Underwriting vs Market Making vs Brokerage vs Investment Banking Guys there are thin lines among these. Can someone highlight that?
Underwriting - For IPO’s - the Investment Bank takes on the issuance (and risk) and sells it. Market Making - Selling from own inventory. (Market Makers) Broker - Someone who sets up the deals, Investment Bank - A institution that is involved in multiple lines - M+A, Private Equity, Underwriting, etc… Just to add a true definition of an Investment Bank An individual or institution which acts as an underwriter or agent for corporations and municipalities issuing securities. Most also maintain broker/dealer operations, maintain markets for previously issued securities, and offer advisory services to investors. investment banks also have a large role in facilitating mergers and acquisitions, private equity placements and corporate restructuring. Unlike traditional banks, investment banks do not accept deposits from and provide loans to individuals. also called investment banker. http://www.investorwords.com/2602/investment_bank.html#ixzz1O68gucYo
Someone correct me if I am wrong but… Investment banking usually is a firm that does underwriting and market making, and sometimes has a brokerage division. Investment banking usually entails being corporate advisors, basically advising companies in times of mergers, acquisitions, sales, IPOs, etc… Underwriting is the step after performing due diligence on a firm and agreeing to assume the risk of selling shares or debt on their behalf. Market making is purchasing and selling a particular security type or commodity in the hopes of making money off of the spread. Securities are usually never held longer than a day. Brokerage is a group of brokers who sell securities to clients.

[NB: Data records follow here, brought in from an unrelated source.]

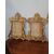 Incantevole coppia di piccole specchierine in legno di cirmolo, finemente intagliate e dorate con foglia d'oro. Le cornici sono ornate da eleganti girali vegetali che culminano in una cimasa decorata con motivi fitomorfi, così come anche la base è anch’essa fitomorfa, una decorazione che dona...
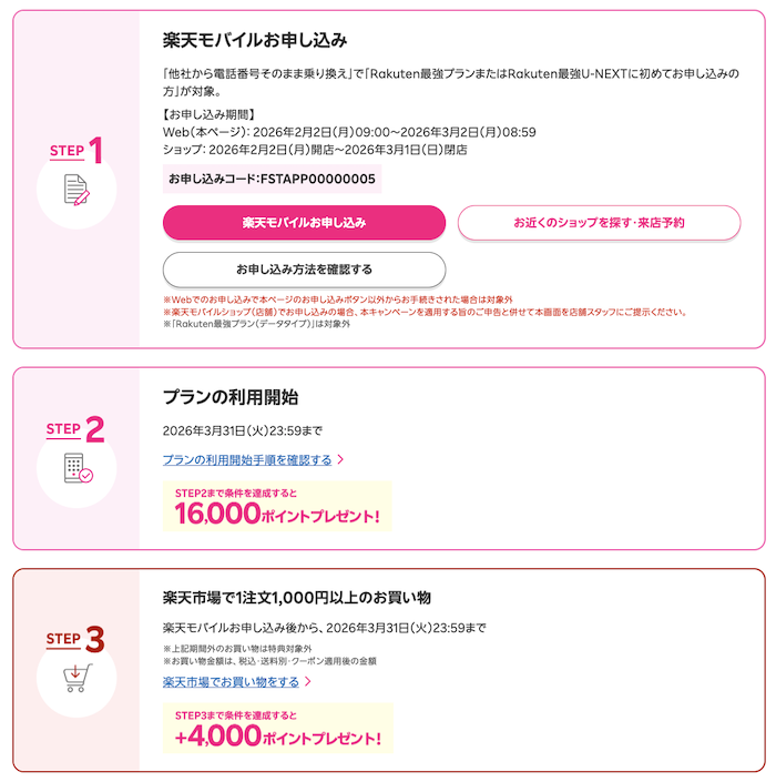 2026年2月 楽天モバイル新規加入キャンペーンの概要
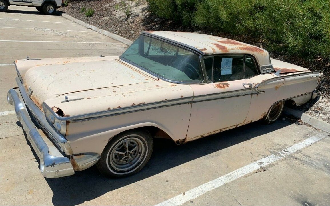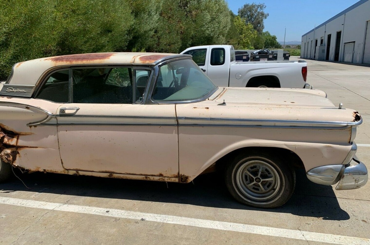 On the good news front, the car appears to still run as the seller tells us it was driven onto the flatbed trailer used to bring it from a “barn” to where it is now. But it didn’t do it very well because the gasoline in the fuel system is about as old as the car itself. There was more than one engine choice for the 1959 Skyliner and this one has the 332 cubic inch V-8 that would have been good for 225 hp back in the day. The engine is paired with Ford’s Cruise-O-Matic transmission and a 3.10 rear end.
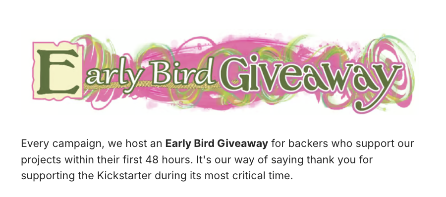 Campaigns that start strong tend to attract more attention. Early-bird rewards encourage early pledges, which can help your project reach its funding goal faster and potentially get featured on additional marketing channels.
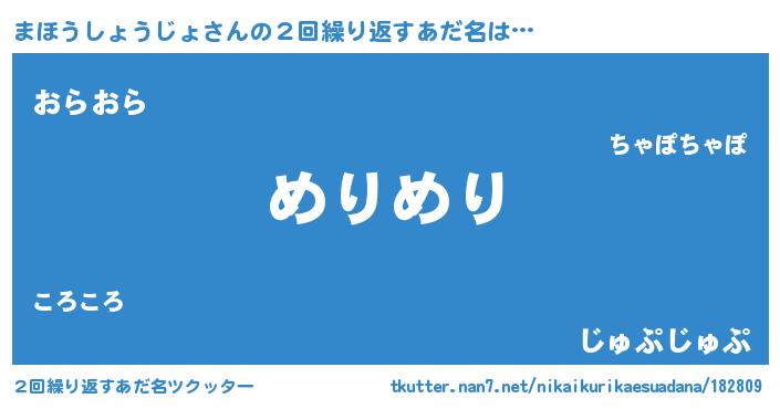 | ヘコむあだ名 | 『まほぷりん』『まほうしょうじょ(苦笑)』 |
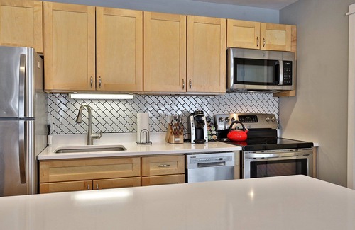 Your accommodations feature luxurious amenities designed for comfort and convenience. The main living area boasts a stylish open kitchen equipped with stainless steel appliances, a dining table for elegant meals, and a cozy sectional sofa perfect for gathering with loved ones. The primary bedroom includes a king bed and a private ensuite bathroom, while a second beautifully appointed bathroom ensures ample facilities for you and your guests. Additional features like high-speed Wi-Fi, smart TVs, and a gas fireplace provide everything you need for a relaxed and enjoyable stay, making it an excellent choice for pre-wedding preparations or post-ceremony celebrations.
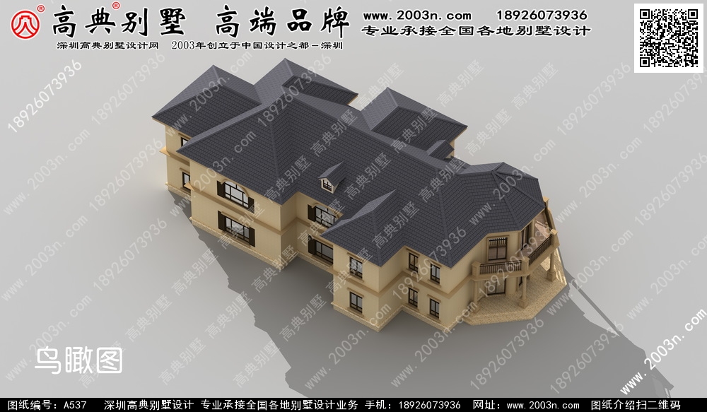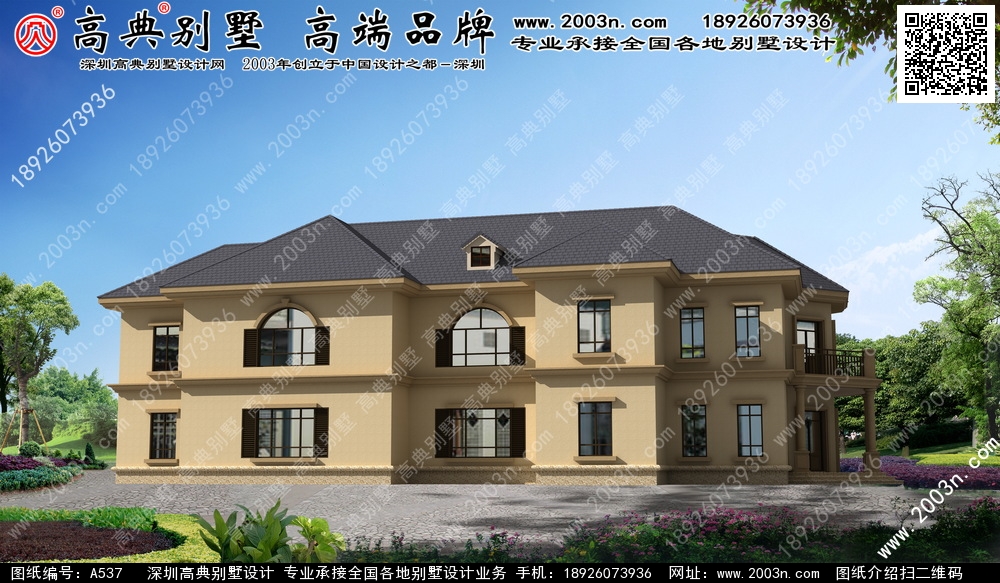 a537号别墅外墙主要材料:天然岩石漆、黄锈石、屋面水泥平板瓦 |

CFAPlay Wrote: ------------------------------------------------------- > Someone correct me if I am wrong but… > > Investment banking usually is a firm that does > underwriting and market making, and sometimes has > a brokerage division. Investment banking usually > entails being corporate advisors, basically > advising companies in times of mergers, > acquisitions, sales, IPOs, etc… > > Underwriting is the step after performing due > diligence on a firm and agreeing to assume the > risk of selling shares or debt on their behalf. > > Market making is purchasing and selling a > particular security type or commodity in the hopes > of making money off of the spread. Securities are > usually never held longer than a day. > > Brokerage is a group of brokers who sell > securities to clients. I believe there are diff types of market makers - some that do hold for more than a day. I forgot the right word…
I guess most difficult to understand is the difference between a broker and a market maker. Basically, the market maker as already mentioned will buy and sell in certain products, e.g. Treasury Bonds (Market Maker for Treasury Bonds), at all times from clients and will try to make money with the Bid/Ask-Spread. So they buy the bonds into their trading books and try to sell them to other clients or even other Market Makers. --> Important part here is that the market maker actually takes the bond into his book/inventory and holds them for some time. In contrast, a broker never buys bonds/stocks to hold them for some time but only tries to arrange a trade between different market participants, e.g. if I am a Market Maker, I can call my broker and ask him to find me a buyer somewhere in the market for a certain bond where I am a seller. So the broker will try to find me a buyer and arranges the trade, and is therefore compensated with a % fee. Clear? Underwriting occurs when an Investment Bank obliges in an IPO/Bond Sale on the primary market to take the rest of the bonds/stocks that are not sold on their own books.